If Clothes Make the Man, Do They Make the Doctor?
October 1, 2008
By Julia Hess
Image: Lawrence J. Brandt, Professor of Medicine and Surgery and Chief of the Einstein-Montefiore Division of Gastroenterology
In Britain and the U.S., the media spotlight--and microscope--have recently focused on how physicians’ clothing could be a more powerful contaminant than we realize. Little research is available on the role of ties, white coats, and long sleeves in transmitting bacteria, but according to Lawrence J. Brandt, Professor of Medicine and Surgery and Chief of the Einstein-Montefiore Division of Gastroenterology, elements of today’s more casual work attire must also be examined.
“Everywhere I go, I see physicians wearing jeans, t-shirts with slogans, sneakers—clothes that make sense in the schoolyard, but not in the hospital,” said Brandt. “I cringe to see a colleague carrying a backpack because I know that it’s come in contact with hair, hands, even the subway floor. It’s no longer a book bag, it’s a Petri dish.”
Brandt believes that a more formal dress code would benefit both doctors’ reputations and patients’ health. He has refused to allow residents to make rounds with him if they arrive in casual clothing. When challenged by one intern (“dressed like a slob,” according to Brandt), a compromise was struck: Brandt would find fact to back his stringency, and the intern would dress according to Brandt’s code. “We discharged our obligations to each other, and at the end of the month he agreed that there was a difference in the way patients treated him,” said Brandt.
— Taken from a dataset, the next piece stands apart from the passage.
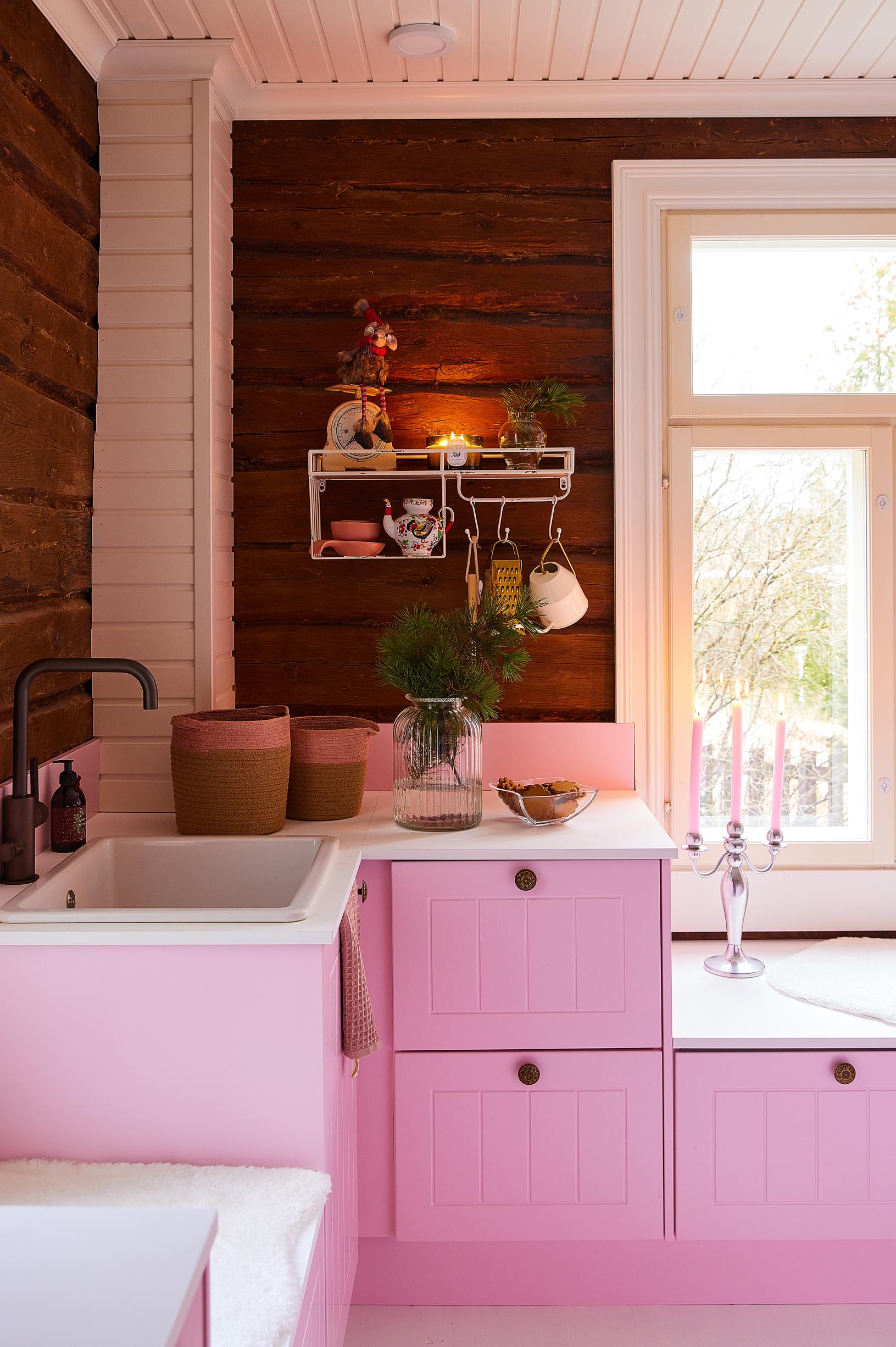 Talo oli kuin 40-vuotislahja minulle, toteutunut haave. Olin aina unelmoinut vaaleanpunaisesta keittiöstä, ja sekin on nyt täällä. Koska taloon tulijat kulkevat keittiön kautta, mielestäni oli tärkeää tehdä tilastä näyttävä. Valitsin kaappien maalisävyn kymmenistä vaaleanpunaisen vaihtoehdoista, ja mielestäni onnistuin hyvin. Sävy on kuin mansikkapirtelö. Hauska detalji ovat entisen puukeittiön vetimet, jotka liotin ja puhdistin. Jotain vanhaa ja jotain uutta.

Brandt’s research, a review of 31 articles exploring the degree of comfort patients have in the presence of a formally or casually dressed physician, concluded that health care providers’ attire is important to patients regardless of age, gender, or geographic location. Patients indicated more confidence in physicians with name tags, white coats, and a neat, clean appearance; less in those wearing jeans and sneakers. Female physicians were given greater latitude by patients of all ages, though many thought that green scrubs best distinguished these doctors from secretaries, dieticians, nurses, and social workers. Children perceived formally dressed doctors as more competent and casually dressed physicians as friendlier, but children with extensive medical histories preferred doctors in more informal attire. Overall, formal dress was said to indicate professionalism, experience, and cleanliness; informal attire was seen as “sloppy” and “coming off the street.”
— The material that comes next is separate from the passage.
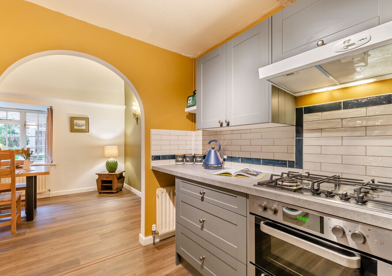 There is a large comfortable bottle green velvet sofa bed in the lounge, with additional arm chair creating a cosy hub around the smart TV.. For our guests needing to work, we have hung a folding desk on the wall behind the door with a chair, ideal for those needing to crack on but out of sight for a relaxing evening. The grey high-spec fitted kitchen includes: integrated double oven with induction hob, integrated washer dryer and fridge freezer. There's a spacious dining table for four by the French doors to the garden.

“Call me old fashioned, but I think the pervading informality in how doctors choose to dress evidences a lack of respect for the patient and for the job,” said Brandt, who now plans to initiate a study examining the roles of culture and socioeconomic class in patients’ perceptions of physicians’ dress. Past studies that showed little or no influence of these variables were conducted, in his opinion, in an entirely different age.
“A lot of the traditional concepts are not only not respected, they’re not even present in today’s culture,” said Brandt. “I don't know what's right and wrong anymore, but I do know that we doctors need to be critically aware of how the choices we make each morning influence our relationships with our patients.”